Content Rules – But Which Content Matters?

As I’m sure you’ve noticed, we’ve entered the era of “content marketing.” Content marketing budgets are going up; companies are falling over themselves to hire journalists to write stuff for them; and so on. But while everyone is rushing to produce content, do they know which content matters?

There are as many definitions of content as there are pundits. Here are a few

  • Paul Dunay: Things that can be shared socially, like blog posts, e-books, videos, podcasts and research reports
  • Bob Buday: Material companies create and market to educate their target audiences about how to solve an issue
  • Junta42: Relevant and valuable content to attract, acquire, and engage a clearly defined and understood target audience
  • Content Rules: Anything created and uploaded to a website [curiously excluding the book it’s written in]

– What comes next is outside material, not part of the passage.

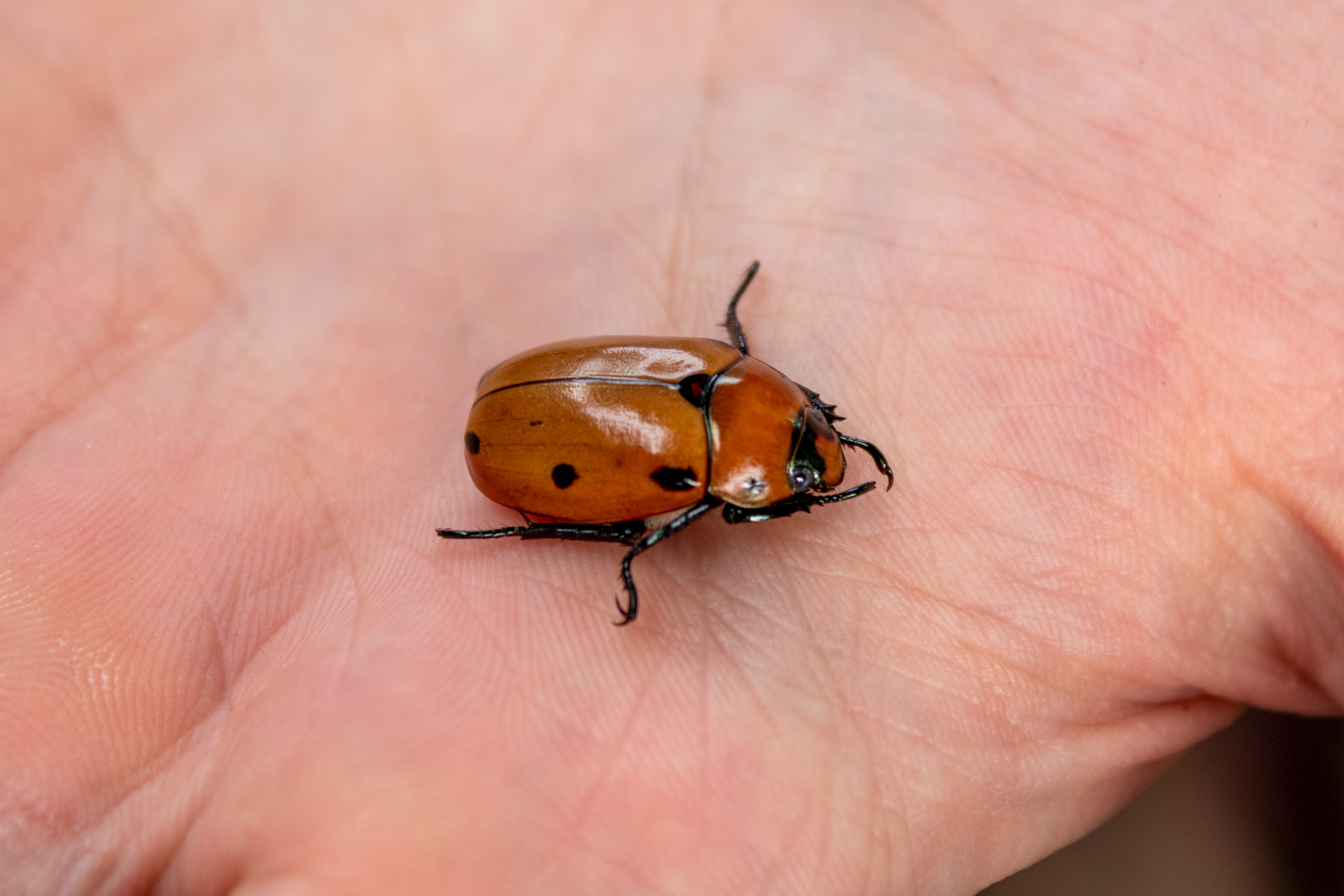 Descriptive text: Large orange beetle with black spots sitting on an open hand

All of these of course describe content, but they are all different. And there are many more. However, I don't think it's hard to propose a simple classification of content which includes everything and tells us how valuable each is. In my schema (for B2B content) there are just three buckets:

  1. Promotional: Promotes your product or service e.g. brochure, TV ad, banner ad
  2. Informative: Objective information about your offering e.g. data sheets or product specs. Also, objective information on broader issues, but which says nothing that hasn’t been said elsewhere already e.g. training videos.
  3. Insightful: Offers substantive new insights on a problem or opportunity e.g. report, article or post based on original research and/or insights

This sequence represents increasing value to the customer, viz:

Promotional : This material—as we all pretty well understand by now—is of low value to the customer and therefore also to you. For instance, it is now very hard to reach customers with promotional advertising online; the user is largely in control and she will click on your expensive banner ads on only 0.2% of the occasions she sees them. Chris Anderson of TED has calculated that the value of an online user to advertisers is less than 10 cents per hour.

Informative: This content populates two sub-categories. If it’s about your product or service (and it’s truly informative e.g. a data sheet, as opposed to promotional), it’s a utility and you must have it. If the topic is more general, the point of view has been published by a thousand people already. If for instance you want to write a blog post on the 7 steps to a social media strategy, note that a search on "social media strategy" rules OR steps OR things yields several million results, most in the vein of “5 Steps To a Successful Social Media Strategy.” BTW, seven is the most popular number, but the range is three to 10. You can pad a blog with posts like that, but you can’t cut through the clutter—or build a following. (Or if you can, so can nine million other people, which doesn’t compute).

Insightful: This is increasingly the content that matters most because it adds most value for the people who consume it. My advice therefore: Ignore those who promise you e.g. “25 Ways to Use the Web to Find Content for Your Blog” and write stuff that’s original. If you’re selling high tech equipment to Fortune 500 companies, that original material will require research and/or the extensive participation of your subject matter experts. If you are a marketer, or an artist (for instance), and you are naturally insightful, you might be able to thrive on observations and insights from your everyday life (like Chris Brogan).

But in any case, the most important thing is to say something new; anything else is spam.